For a reservoir project in Wales, Glenfield Invicta’s team of experts rise to the challenge to find the most optimal valve and flow control solution
The Alwen Reservoir is the largest man-made ‘lake’ in Wales, covering some 900 acres. Located 14 miles south-west of the market town of Denbigh, the reservoir was constructed between 1911 and 1920 to provide water for the town of Birkenhead on The Wirral.
Lewis Civil Engineering, based in Pontyclun, South Wales, is leading a refurbishment project at Alwen Reservoir for Dwr Cymru Welsh Water (DCWW). A vital element of the enabling works was the creation of a duplicate water supply arrangement as the existing mains were to be shut off whilst work was being carried out on the reservoir.
Searching out the optimal valve - how?
Lewis Civil Engineering contacted the team at Glenfield Invicta for guidance on the optimal choice of valve for the temporary supply pipeline. The temporary supply involved an over-pump arrangement at the top of the dam connecting to an existing supply pipeline 30 m below the reservoir level. The operational parameters stipulated by DCWW were challenging; a maximum pressure of 25 m to enter the existing works combined with the ability to achieve a range of flow rates with a maximum of 462 litres/second.

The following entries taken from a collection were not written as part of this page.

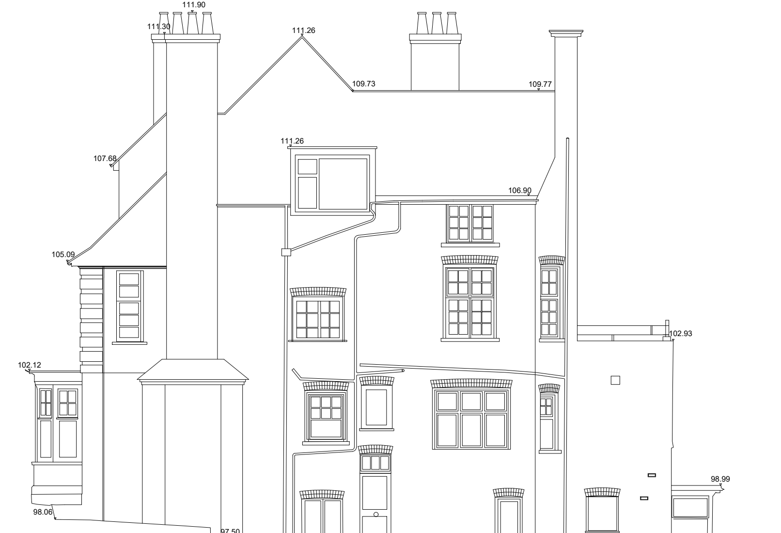
Existing Flank Elevation
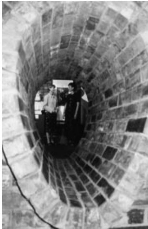
Figure 11 Egg shaped sewer.

existed or made up of elected representatives in areas with non-corporate towns. There were to be local medical officers of health:
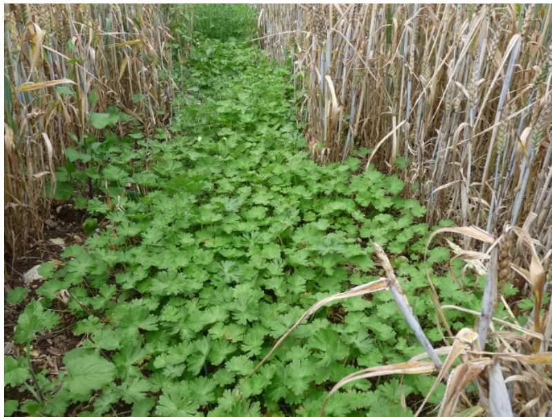
Figure 5. Strong development of geraniums ( Geranium dissectum ) in a wheat plot related to the ability of this plant to tolerate a number of chemical molecules.

The black-grass ( Alopecurus myosuroides Huds.; Figure 4), an annual grass now present in more than a third of winter wheat plots in France (more than 2 million hectares), has been known since at least the 18 th century as a potential weed plant. From the 1960s onwards, this plant became one of the major weeds in our cropping systems in Europe due to its ability to adapt to short winter crop rotations. But, as with other weed species, its current success is also due to its genetic ability to resist different herbicide families to the point of making its management by chemistry alone uncertain.
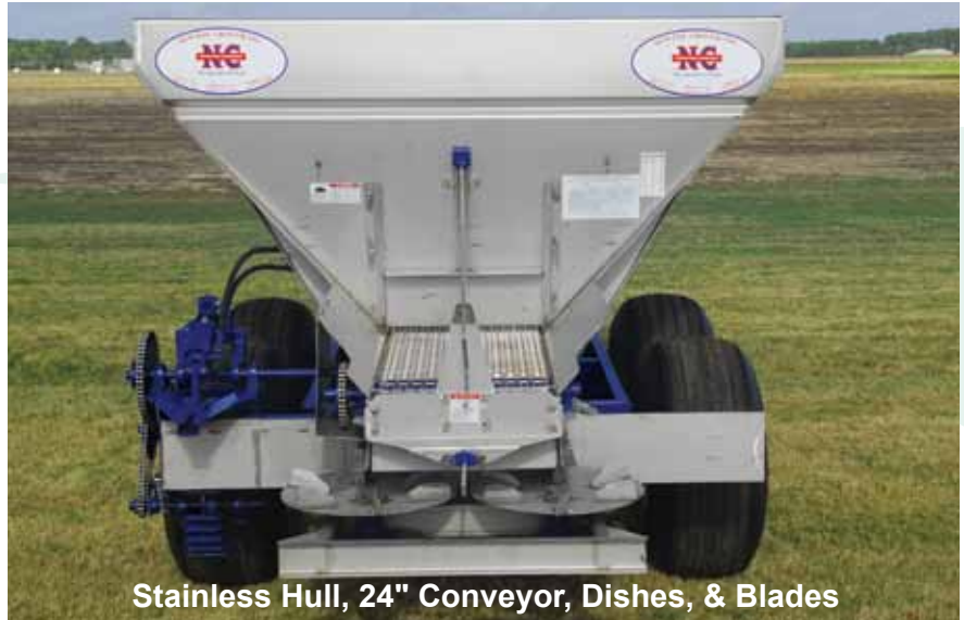
Stainless Hull, 24" Conveyor, Dishes, & Blades

Designed and built stronger to last longer.

The natural choice for this application would have been a pressure reducing valve. However, due to the small differential pressure requirement of 5 m, the pressure reducing valve (PRV) would have been working close to its limit. As it was critically important that pressures in excess of 25 m were not introduced into the existing infrastructure, an alternative control valve solution was required.
Demonstrating engineering expertise
Glenfield Invicta analysed the application in detail, and considered using eccentric plug valves, needle valves and butterfly valves. The eccentric plug valve - like the pressure reducing valve - would also be operating close to its limit. The needle valve, although it would have been suitable, would have been at risk of becoming clogged due to the raw water passing through it; the needle valve has a smaller internal flow path and, when an anti-cavitation device is added which has additional smaller slots, any twigs, stones or solids may become stuck, and it could ultimately clog over time.
The Glenfield Invicta engineering team therefore considered whether a series 75 concentric butterfly valve would meet the operating criteria. To accommodate the range of specified flow requirements at the available pressures, a series 75 concentric butterfly valve (DN450) would be operating within a range of 35% and 45% open position. This is well within the allowable limits for this valve. Consequently, it was decided to install the series 75 concentric butterfly valve.